⟨

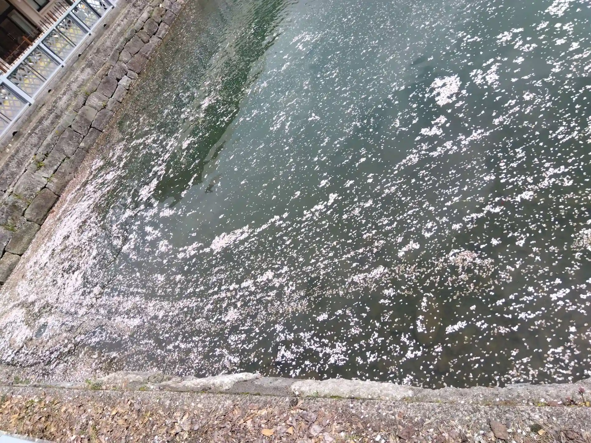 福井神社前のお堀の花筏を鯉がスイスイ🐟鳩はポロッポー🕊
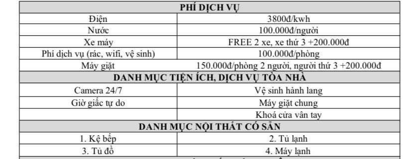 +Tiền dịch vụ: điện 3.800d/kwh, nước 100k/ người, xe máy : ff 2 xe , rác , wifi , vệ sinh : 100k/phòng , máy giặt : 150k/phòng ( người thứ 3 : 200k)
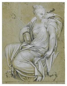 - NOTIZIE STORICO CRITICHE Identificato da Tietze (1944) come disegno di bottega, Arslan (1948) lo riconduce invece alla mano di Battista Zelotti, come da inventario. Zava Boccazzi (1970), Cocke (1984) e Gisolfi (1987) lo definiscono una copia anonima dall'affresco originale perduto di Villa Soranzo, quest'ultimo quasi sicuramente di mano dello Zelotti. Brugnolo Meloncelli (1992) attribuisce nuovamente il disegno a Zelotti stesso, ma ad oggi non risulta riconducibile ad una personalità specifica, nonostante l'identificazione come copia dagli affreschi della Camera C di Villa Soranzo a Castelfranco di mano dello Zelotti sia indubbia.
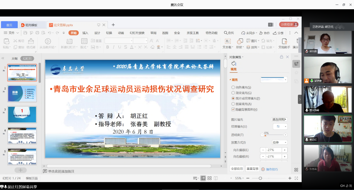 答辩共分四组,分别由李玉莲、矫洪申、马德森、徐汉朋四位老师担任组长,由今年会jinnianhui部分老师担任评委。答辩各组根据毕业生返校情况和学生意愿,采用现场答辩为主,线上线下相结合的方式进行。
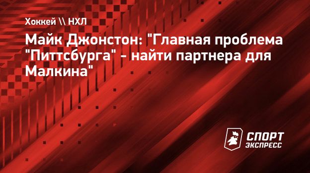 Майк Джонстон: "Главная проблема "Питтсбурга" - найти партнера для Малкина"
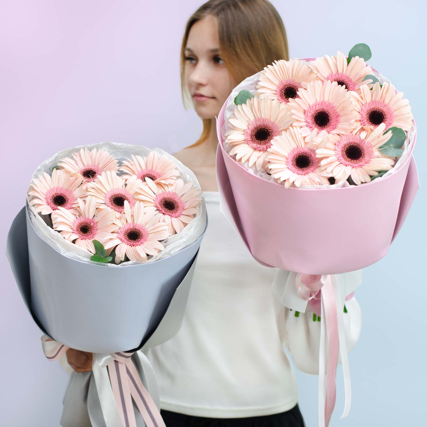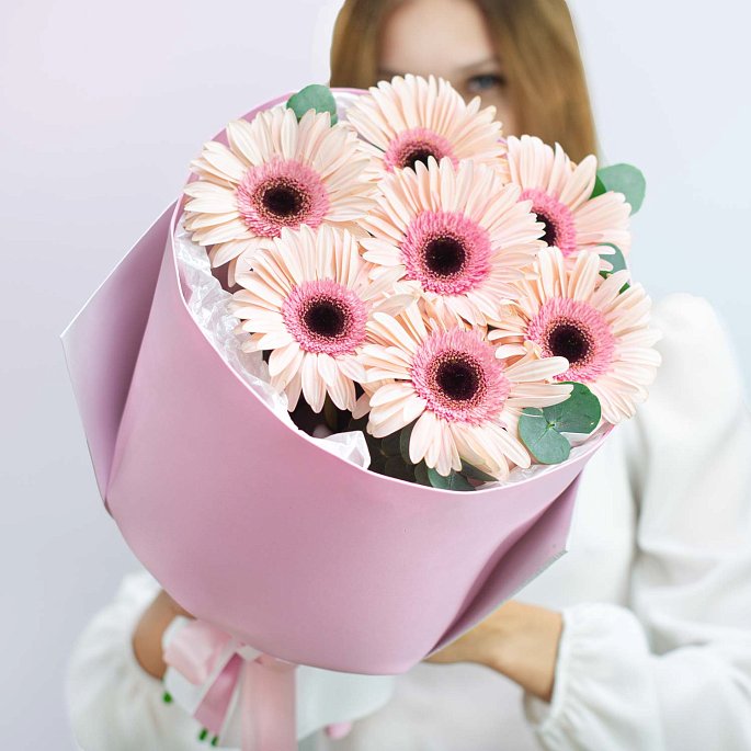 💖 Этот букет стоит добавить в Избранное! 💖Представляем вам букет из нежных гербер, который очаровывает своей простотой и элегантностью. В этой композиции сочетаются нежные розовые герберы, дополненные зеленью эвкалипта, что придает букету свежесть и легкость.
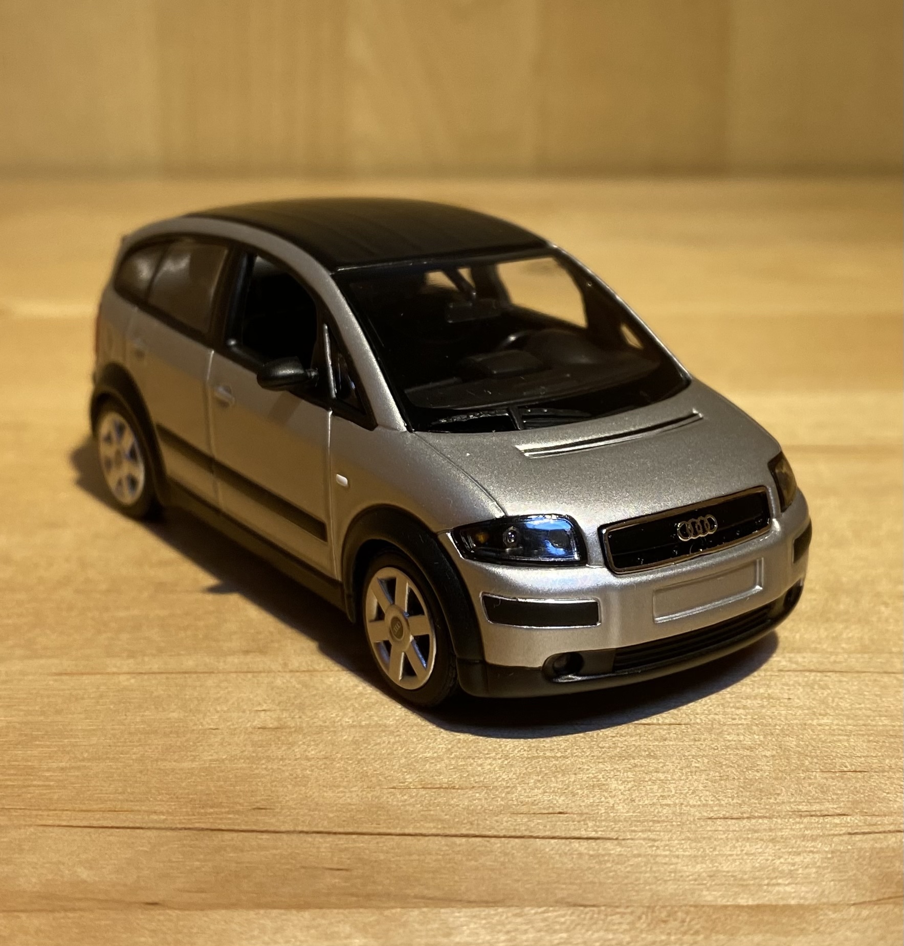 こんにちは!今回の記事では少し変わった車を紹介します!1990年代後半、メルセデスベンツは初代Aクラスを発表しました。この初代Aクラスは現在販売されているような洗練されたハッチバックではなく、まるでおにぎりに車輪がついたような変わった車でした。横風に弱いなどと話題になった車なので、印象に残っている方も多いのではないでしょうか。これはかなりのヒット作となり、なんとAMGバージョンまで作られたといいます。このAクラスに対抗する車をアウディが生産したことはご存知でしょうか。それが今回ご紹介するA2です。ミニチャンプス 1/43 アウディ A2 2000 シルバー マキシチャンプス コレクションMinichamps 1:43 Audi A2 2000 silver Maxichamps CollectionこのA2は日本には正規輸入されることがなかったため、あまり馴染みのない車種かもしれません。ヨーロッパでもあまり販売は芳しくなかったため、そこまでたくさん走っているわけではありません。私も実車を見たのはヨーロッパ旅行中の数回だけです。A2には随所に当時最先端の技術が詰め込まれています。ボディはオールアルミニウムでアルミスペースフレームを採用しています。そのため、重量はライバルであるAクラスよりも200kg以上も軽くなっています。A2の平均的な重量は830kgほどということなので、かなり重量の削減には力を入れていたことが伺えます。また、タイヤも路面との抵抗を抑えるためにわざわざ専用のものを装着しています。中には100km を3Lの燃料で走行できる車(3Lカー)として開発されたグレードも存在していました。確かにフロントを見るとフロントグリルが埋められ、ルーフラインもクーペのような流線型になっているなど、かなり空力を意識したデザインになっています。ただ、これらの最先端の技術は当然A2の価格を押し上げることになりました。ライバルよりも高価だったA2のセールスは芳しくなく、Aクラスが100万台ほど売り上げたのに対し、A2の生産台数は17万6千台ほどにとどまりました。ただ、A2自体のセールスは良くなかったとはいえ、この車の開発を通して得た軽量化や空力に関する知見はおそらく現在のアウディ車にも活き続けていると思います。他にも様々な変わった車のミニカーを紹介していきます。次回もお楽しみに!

⟩

# AIM OF THE EXERCISE
Make an exact copy of the listing above. Its pictures are not needed.

# REPLY TO THE EXERCISE
 福井神社前のお堀の花筏を鯉がスイスイ🐟鳩はポロッポー🕊
 +Tiền dịch vụ: điện 3.800d/kwh, nước 100k/ người, xe máy : ff 2 xe , rác , wifi , vệ sinh : 100k/phòng , máy giặt : 150k/phòng ( người thứ 3 : 200k)
 - NOTIZIE STORICO CRITICHE Identificato da Tietze (1944) come disegno di bottega, Arslan (1948) lo riconduce invece alla mano di Battista Zelotti, come da inventario. Zava Boccazzi (1970), Cocke (1984) e Gisolfi (1987) lo definiscono una copia anonima dall'affresco originale perduto di Villa Soranzo, quest'ultimo quasi sicuramente di mano dello Zelotti. Brugnolo Meloncelli (1992) attribuisce nuovamente il disegno a Zelotti stesso, ma ad oggi non risulta riconducibile ad una personalità specifica, nonostante l'identificazione come copia dagli affreschi della Camera C di Villa Soranzo a Castelfranco di mano dello Zelotti sia indubbia.
 答辩共分四组,分别由李玉莲、矫洪申、马德森、徐汉朋四位老师担任组长,由今年会jinnianhui部分老师担任评委。答辩各组根据毕业生返校情况和学生意愿,采用现场答辩为主,线上线下相结合的方式进行。
 Майк Джонстон: "Главная проблема "Питтсбурга" - найти партнера для Малкина"
 💖 Этот букет стоит добавить в Избранное! 💖Представляем вам букет из нежных гербер, который очаровывает своей простотой и элегантностью. В этой композиции сочетаются нежные розовые герберы, дополненные зеленью эвкалипта, что придает букету свежесть и легкость.
 こんにちは!今回の記事では少し変わった車を紹介します!1990年代後半、メルセデスベンツは初代Aクラスを発表しました。この初代Aクラスは現在販売されているような洗練されたハッチバックではなく、まるでおにぎりに車輪がついたような変わった車でした。横風に弱いなどと話題になった車なので、印象に残っている方も多いのではないでしょうか。これはかなりのヒット作となり、なんとAMGバージョンまで作られたといいます。このAクラスに対抗する車をアウディが生産したことはご存知でしょうか。それが今回ご紹介するA2です。ミニチャンプス 1/43 アウディ A2 2000 シルバー マキシチャンプス コレクションMinichamps 1:43 Audi A2 2000 silver Maxichamps CollectionこのA2は日本には正規輸入されることがなかったため、あまり馴染みのない車種かもしれません。ヨーロッパでもあまり販売は芳しくなかったため、そこまでたくさん走っているわけではありません。私も実車を見たのはヨーロッパ旅行中の数回だけです。A2には随所に当時最先端の技術が詰め込まれています。ボディはオールアルミニウムでアルミスペースフレームを採用しています。そのため、重量はライバルであるAクラスよりも200kg以上も軽くなっています。A2の平均的な重量は830kgほどということなので、かなり重量の削減には力を入れていたことが伺えます。また、タイヤも路面との抵抗を抑えるためにわざわざ専用のものを装着しています。中には100km を3Lの燃料で走行できる車(3Lカー)として開発されたグレードも存在していました。確かにフロントを見るとフロントグリルが埋められ、ルーフラインもクーペのような流線型になっているなど、かなり空力を意識したデザインになっています。ただ、これらの最先端の技術は当然A2の価格を押し上げることになりました。ライバルよりも高価だったA2のセールスは芳しくなく、Aクラスが100万台ほど売り上げたのに対し、A2の生産台数は17万6千台ほどにとどまりました。ただ、A2自体のセールスは良くなかったとはいえ、この車の開発を通して得た軽量化や空力に関する知見はおそらく現在のアウディ車にも活き続けていると思います。他にも様々な変わった車のミニカーを紹介していきます。次回もお楽しみに!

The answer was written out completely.